In February 2021, the United States government agreed to purchase 100,000 doses of the drug for $210 million, at $2,100 per dose.

==Research==
=== COVID-19 ===
In February 2021, the FDA issued an emergency use authorization (EUA) for bamlanivimab and etesevimab administered together for the treatment of mild to moderate COVID-19 in people twelve years of age or older weighing at least 40 kg who test positive for SARS‑CoV‑2 and who are at high risk for progressing to severe COVID-19. The authorized use includes treatment for those who are 65 years of age or older or who have certain chronic medical conditions. While bamlanivimab and etesevimab administered together resulted in a lower risk of resistant viruses developing during treatment compared with bamlanivimab administered alone, both treatments are available under an EUA and are expected to benefit people at high risk of disease progression. On 16 April 2021, the FDA revoked the emergency use authorization (EUA) that allowed for the investigational monoclonal antibody therapy bamlanivimab, when administered alone, to be used for the treatment of mild-to-moderate COVID-19 in adults and certain pediatric patients. The EUA was issued to Eli Lilly and Co.
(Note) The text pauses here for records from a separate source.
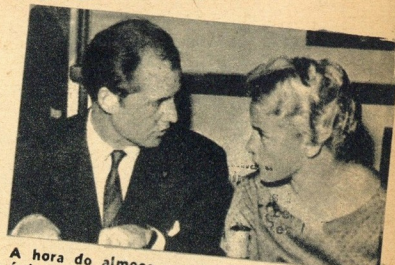
A hora do almoço para dois apaixonados é o único tempo em que eles falam de assuntos sérios...
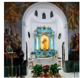
Capilla de la Virgen, Garrucha

Terug in het appartement hoor ik kerkklokken luiden en zoek die kerk op om daar de H. Mis bij te wonen, want dat was zondag niet gelukt.
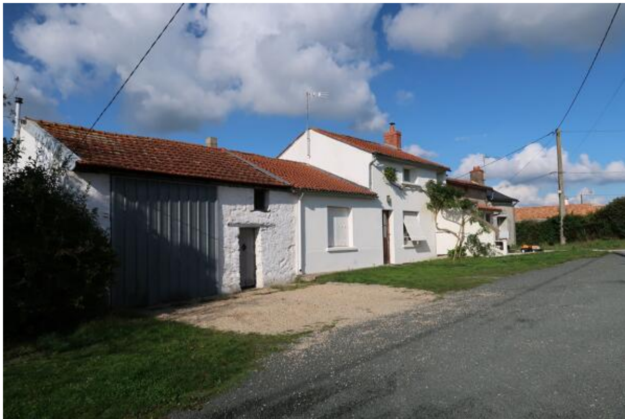
Vue de la rangée de fermes n°1 depuis le sud-ouest.
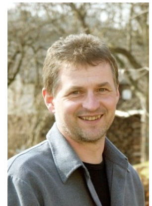
GR Hermann Gauster Mobil: 0664/8111853
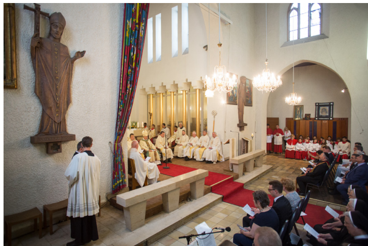
Beginn des Hochfestes des Leibes und Blutes Christi in der ursprünglichen St. Matthias-Kirche, heute Mor Jakob, in der Potsdamer Straße

Die Bilder in dieser Ausgabe dokumentieren die Feiern zum 150-jährigen Jubiläum unserer Gemeinde und den Beginn der Baumaßnahmen zur Renovierung und Verschönerung unserer Kirche auf dem Winterfeldtplatz.
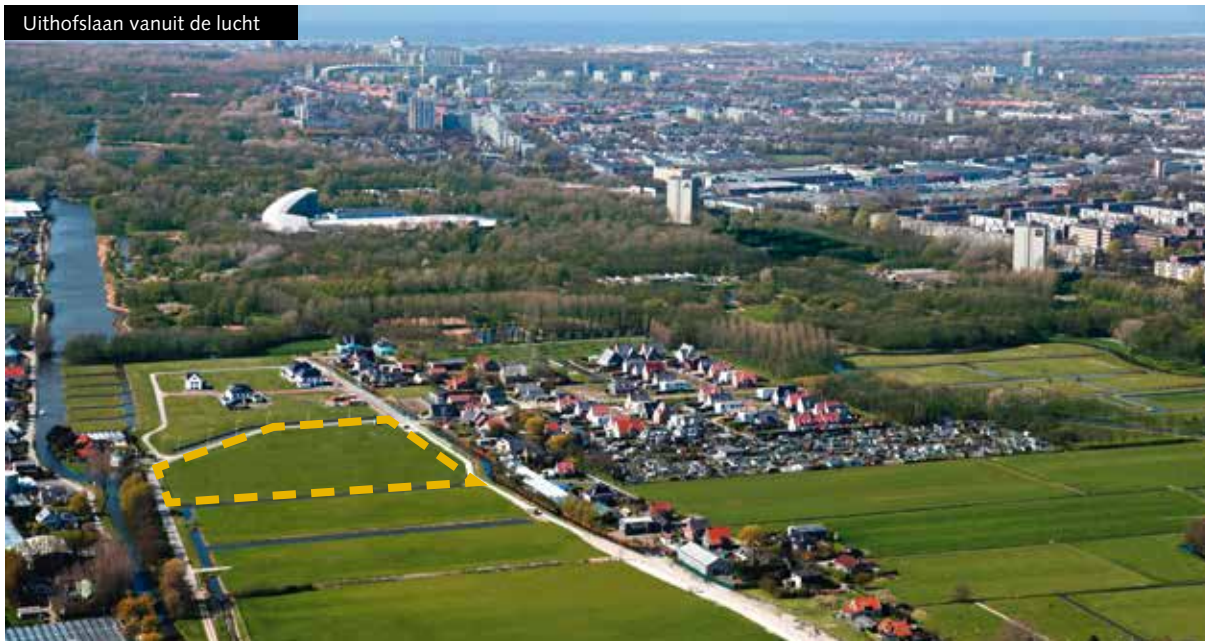
Uithofslaan vanuit de lucht

In February 2021, the Committee for Medicinal Products for Human Use (CHMP) of the European Medicines Agency (EMA) started rolling reviews of data on the use of the monoclonal antibodies casirivimab/imdevimab, bamlanivimab/etesevimab, and bamlanivimab for the treatment of COVID-19. In March 2021, the CHMP concluded that bamlanivimab and etesevimab can be used together to treat confirmed COVID-19 in people who do not require supplemental oxygen and who are at high risk of their COVID-19 disease becoming severe. The CHMP also looked at the use of bamlanivimab alone and concluded that, despite uncertainties around the benefits of monotherapy, it can be considered a treatment option. In October 2021, the CHMP ended the rolling review of bamlanivimab/etesevimab.